Four of Health Problems That Get Bad During the Winter

Saturday, September 1, 2012

Winter brings joy to many and pain to others. There are several health conditions that are aggravated during this season. Dry weather coupled with a chilled breeze aggravates health problems like asthma, arthritis, osteoporosis, lung disease, skin dryness and breathing difficulties.
1. Asthma is a chronic lung disease that causes chest tightness, wheezing and trouble breathing. For some, the disease may be exacerbated during the winter. Cold air is often the sole culprit for triggering symptoms of the disease. The mucus blanket of the respiratory system gets thicker in the winter, thus causing problems for the affected person. When cold air enters the lungs of an asthmatic, the lungs react by releasing histamines that cause wheezing. Windows and doors that are closed in the winter prevent air circulation and lead to an increased concentration of allergens inside a room, which may trigger asthma.

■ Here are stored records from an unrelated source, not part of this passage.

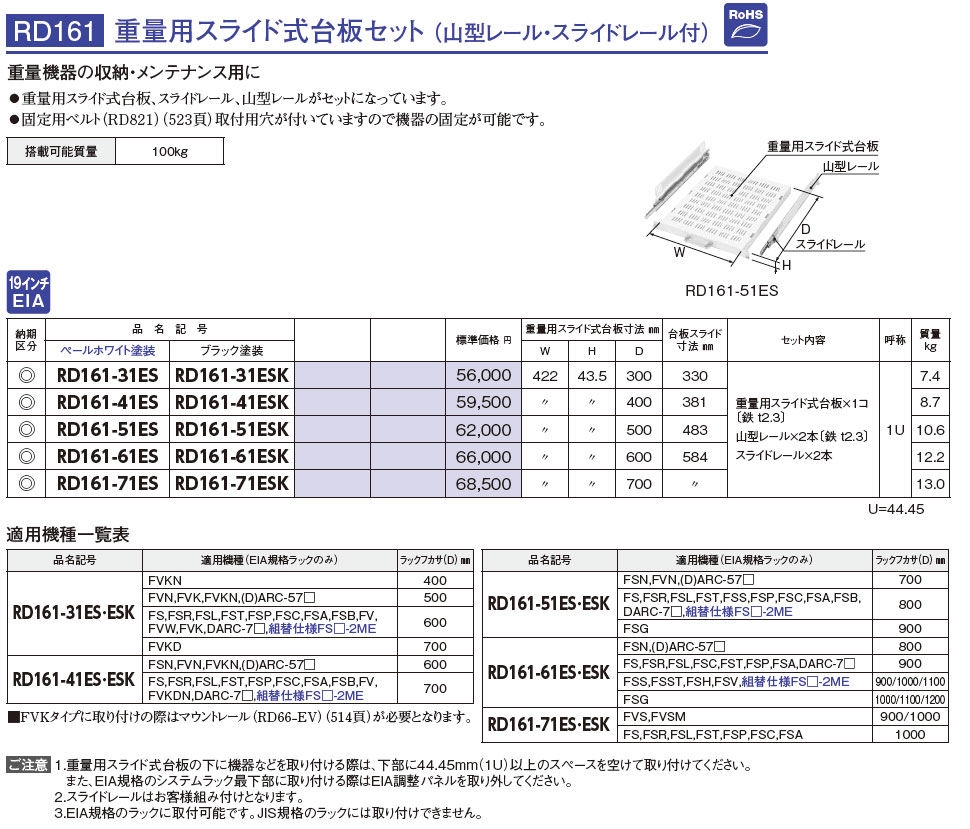 RD161-41ES 重量用スライド式台板セット(山型レール・スライドレール付)
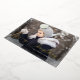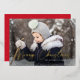 Send joyful greetings with this modern Merry Christmas photo card featuring your favourite horizontal picture framed by delicate snow flurries. “Merry Christmas” is displayed in elegant gold foil script with your family’s name shown below. The back includes a festive red background with white snow dots, or you can customise the colour to suit your style. A simple yet stylish holiday design perfect for Christmas cards.
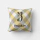Monogram initiaal waterverf bloem gingham blauw grijs Sierkussen. Brief B

2. People suffering from arthritis find it difficult to loosen up their joints and get going. Arthritis is not caused by the cold but it is affected by the cold. In winter the air pressure falls. This results in the expansion of tissues that surround the affected joints, hence putting undue pressure on the joints. Contraction of muscles due to expansion of tissue results in pain and swelling. Light exercise may provide some relief but a regular exercise program is necessary in order to prevent weight gain and maintain flexibility of joints.
3. Raynaud's disease is a condition whereby the extreme cold causes blood vessels to get narrow and blood flow to decrease. As a result, skin on the nose, toes and fingers may temporarily turn pale and bluish. Skin becomes soaring red when blood flow becomes normal. In extreme cases, Raynaud's disease may cause gangrene at the tip of the toes and fingers.

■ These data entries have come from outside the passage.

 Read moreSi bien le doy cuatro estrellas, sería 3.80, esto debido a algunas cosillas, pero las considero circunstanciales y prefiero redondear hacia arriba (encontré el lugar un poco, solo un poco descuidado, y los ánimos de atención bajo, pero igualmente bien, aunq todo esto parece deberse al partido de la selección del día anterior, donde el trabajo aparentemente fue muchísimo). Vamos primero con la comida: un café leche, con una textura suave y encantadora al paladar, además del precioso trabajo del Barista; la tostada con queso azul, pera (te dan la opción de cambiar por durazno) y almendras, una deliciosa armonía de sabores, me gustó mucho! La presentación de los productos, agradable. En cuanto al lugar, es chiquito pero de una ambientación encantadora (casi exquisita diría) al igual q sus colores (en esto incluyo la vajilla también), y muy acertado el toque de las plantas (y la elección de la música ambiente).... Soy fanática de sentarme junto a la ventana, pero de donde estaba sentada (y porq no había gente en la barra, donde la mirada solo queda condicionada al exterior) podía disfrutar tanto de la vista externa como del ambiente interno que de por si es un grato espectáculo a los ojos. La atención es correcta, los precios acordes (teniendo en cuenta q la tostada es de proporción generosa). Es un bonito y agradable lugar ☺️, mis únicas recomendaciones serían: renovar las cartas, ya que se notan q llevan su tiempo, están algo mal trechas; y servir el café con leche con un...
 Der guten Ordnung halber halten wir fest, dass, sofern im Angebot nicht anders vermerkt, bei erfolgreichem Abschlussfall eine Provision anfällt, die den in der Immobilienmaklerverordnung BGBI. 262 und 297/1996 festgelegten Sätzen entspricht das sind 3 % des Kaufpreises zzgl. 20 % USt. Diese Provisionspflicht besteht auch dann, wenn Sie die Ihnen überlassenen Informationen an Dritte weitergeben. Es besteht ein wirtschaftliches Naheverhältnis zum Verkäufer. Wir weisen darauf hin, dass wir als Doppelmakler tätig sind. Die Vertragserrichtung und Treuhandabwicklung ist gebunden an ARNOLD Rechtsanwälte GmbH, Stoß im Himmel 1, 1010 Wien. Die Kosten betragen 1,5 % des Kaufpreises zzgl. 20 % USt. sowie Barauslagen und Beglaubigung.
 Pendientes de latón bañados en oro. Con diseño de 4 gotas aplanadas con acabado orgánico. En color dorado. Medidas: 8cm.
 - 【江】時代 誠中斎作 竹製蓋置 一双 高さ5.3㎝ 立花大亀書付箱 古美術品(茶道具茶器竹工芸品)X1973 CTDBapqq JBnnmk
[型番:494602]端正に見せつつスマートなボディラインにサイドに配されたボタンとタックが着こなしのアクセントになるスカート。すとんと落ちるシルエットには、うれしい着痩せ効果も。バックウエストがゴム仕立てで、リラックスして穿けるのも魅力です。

4. Sjogren's syndrome is a condition whereby the moisture-producing glands of our body are attacked by the immune system. This leads to drying of the mouth, tissues and eyes. Dry winter days may exacerbate these symptoms. It is essential to raise the humidity level in the room by running a humidifier. Moisturizing lotions and water may help to regain the lost moisture. Many anti-depressants and drugs used for lowering high blood pressure may cause drying of the mouth.

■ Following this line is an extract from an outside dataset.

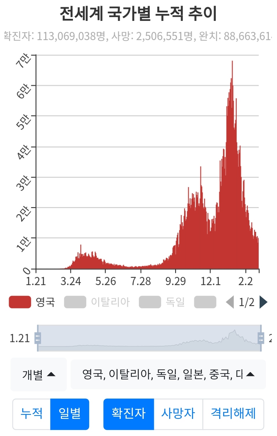 백신접종을 시작한 위험한 나라들을 보니, 확진자 수치가 확연히 줄어들었음을 알 수 있다. 바람직한 신호라 보여진다.
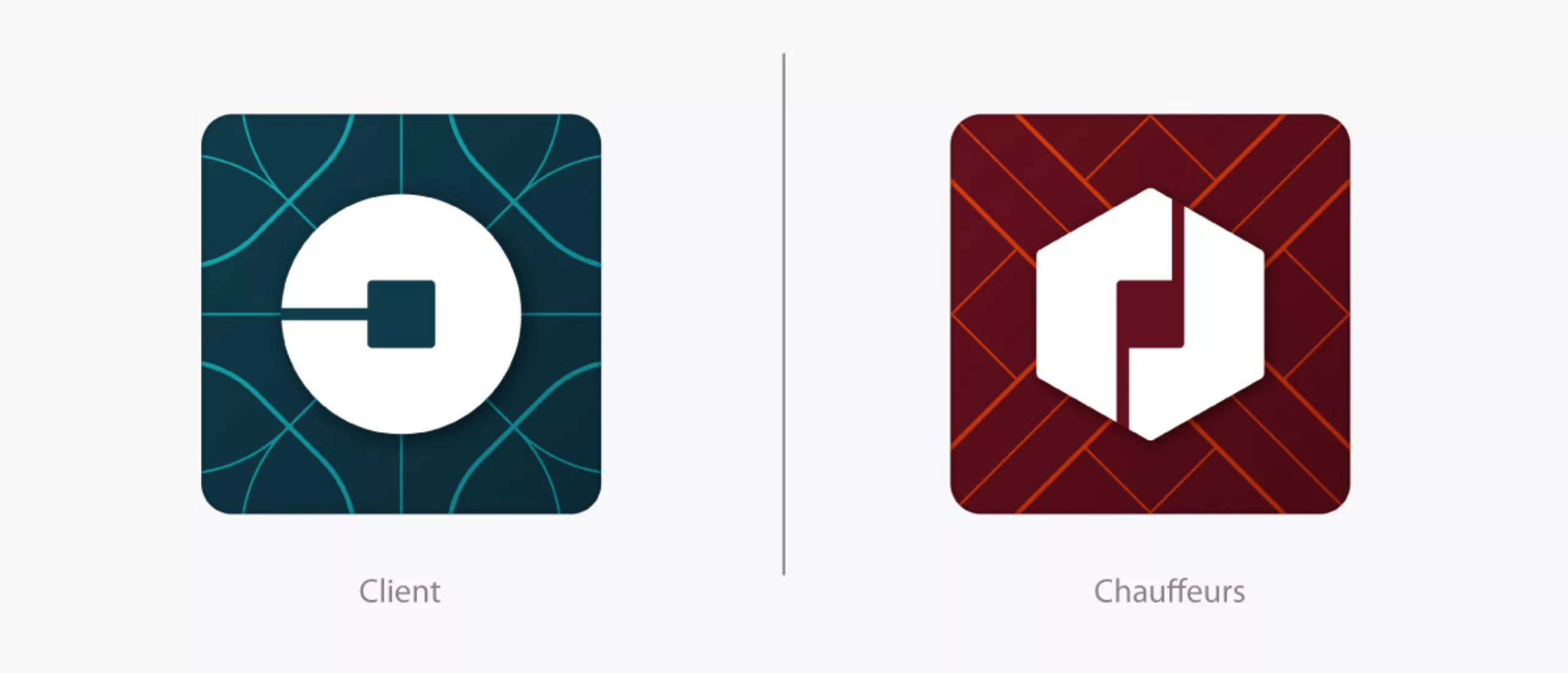 “L’un des grands changements après quelques années d’existence est qu’Uber ne transporte plus uniquement des personnes. Nous transportons désormais des biens, des repas et bientôt peut-être beaucoup plus… de quoi créer beaucoup d’applications, avec pour chacune une icône différente; il fallait toutefois définir une approche commune pour toutes les connecter. Pour ce faire, nous en sommes revenus à notre histoire de “bits” et d’atomes. Vous découvrirez que les deux icônes dédiées aux chauffeurs et aux utilisateurs ont le “bit” au centre, des couleurs locales et des motifs en arrière-plan. Cette structure permettra de développer facilement des icônes différentes pour de nouveaux produits au fil du temps.”

People suffering from various health problems in winter should remain alert with the onset of the season. It has been observed that most problems occur unexpectedly at the onset of season given our vulnerability. Dress warmly and cover up from head to toe. If you are susceptible to allergies or asthma, use a face mask that warms the air you breathe in. Try to stay in a warm room and heat clothes in a dryer before wearing. Drinking hot chocolate, tea or coffee may help to keep you warm.
Stay active and follow an exercise routine. This not only keeps you warm and fit but ensures that your body weight remains under control. Wear shoes with good grips and use sidewalks that are free of snow and ice.